For scopes or types with names defined in two distinct implicit modules, name resolution selects the one corresponding to the last implicit when traversing the file top to bottom.

Local aliases can be defined for modules with

> Using Bar as B

External module lookup.

When invoking the compiler with catala bar.catala_en, the compiler retrieves the list of the names external modules used in bar.catala_en and proceeds to find .catala_en files corresponding to those module names in the current directory. Additional lookup directories can be added with the -I option.

Compilation units

For the OCaml backend and future backends, each Catala module should be translated to a different target language file. Hence, the -o option should take an output directory instead of file and the generated files names should be the same as the source files, but with a different extension.

Literate programming

When invoking Catala to produce a literate programming output from a particular file, the output should only contain that single file and not the modules on which this file depends. To produce a literate programming output containing multiple files, one can uss the master file and dependencies list syntax like

catala/examples/us_tax_code/us_tax_code.catala_en

Lines 1 to 9 in 9282e5e

    
           @@Master file@@ 
        
           @@Include: preamble.catala_en@@ 
        
           @@Include: section_121.catala_en@@ 
        
           @@Include: section_132.catala_en@@ 
        
           @@Include: section_1015.catala_en@@

Implementation

The implementation of this module system is going to vastly affect the compiler code. First, programs in the different intermediate representations should be represented as a list of modules (each of them containing types and scopes). The list should be ordered according to the topological order of the dependency graph between modules, which will have to be constructed. Cyclic dependencies between modules are forbidden. The passage to a collections of modules to an ordered list can be implemented in the surface -> desugared translation.

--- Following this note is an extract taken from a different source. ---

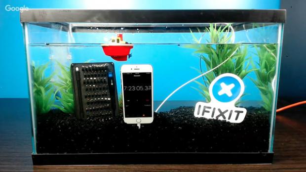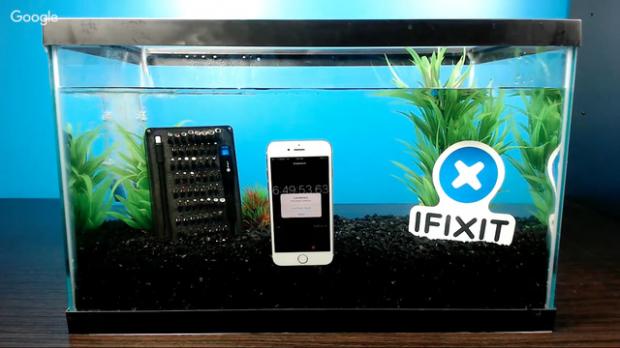Theo đó chiếc iPhone 7 đã được iFixit cho ngâm mình trong bể cá để xác định xem thiết bị này có thể chịu đựng được bao lâu. Một đồng hồ đếm thời gian được chạy từ khi thiết bị được cho vào bể cá, sau thời gian tiêu chuẩn 30 phút thì chiếc iPhone 7 vẫn hoạt động tốt.
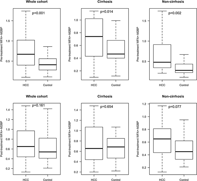Figure 1 shows the pre-treatment and post-treatment WFA+-M2BP levels between the HCC and control groups for the whole cohort and also according to cirrhosis status.

When parsing expressions like <expression>.x.y that are transformed into Dotted

catala/src/catala/surface/ast.mli

Lines 151 to 152 in 9282e5e

    
           | Dotted of expression Pos.marked * constructor Pos.marked option * ident Pos.marked 
        
               (** Dotted is for both struct field projection and sub-scope variables *)

the name resolution of x and y should be resolved in that order:

first, lookup if the string is a module name, in which case we expect a following Dotted qualifier that can be a scope or a type belonging to that module
second, lookup if the string is a struct name, in which case we expect a following Dotted qualifier containing a field name belonging to that struct
thrid, lookup if the string is a struct field or a subscope.

Before starting this implementation, fixing #47 seems to be a good pre-requisite as we don't want to bother with ordering the types and scopes declaration correctly as long as they are cycle-free.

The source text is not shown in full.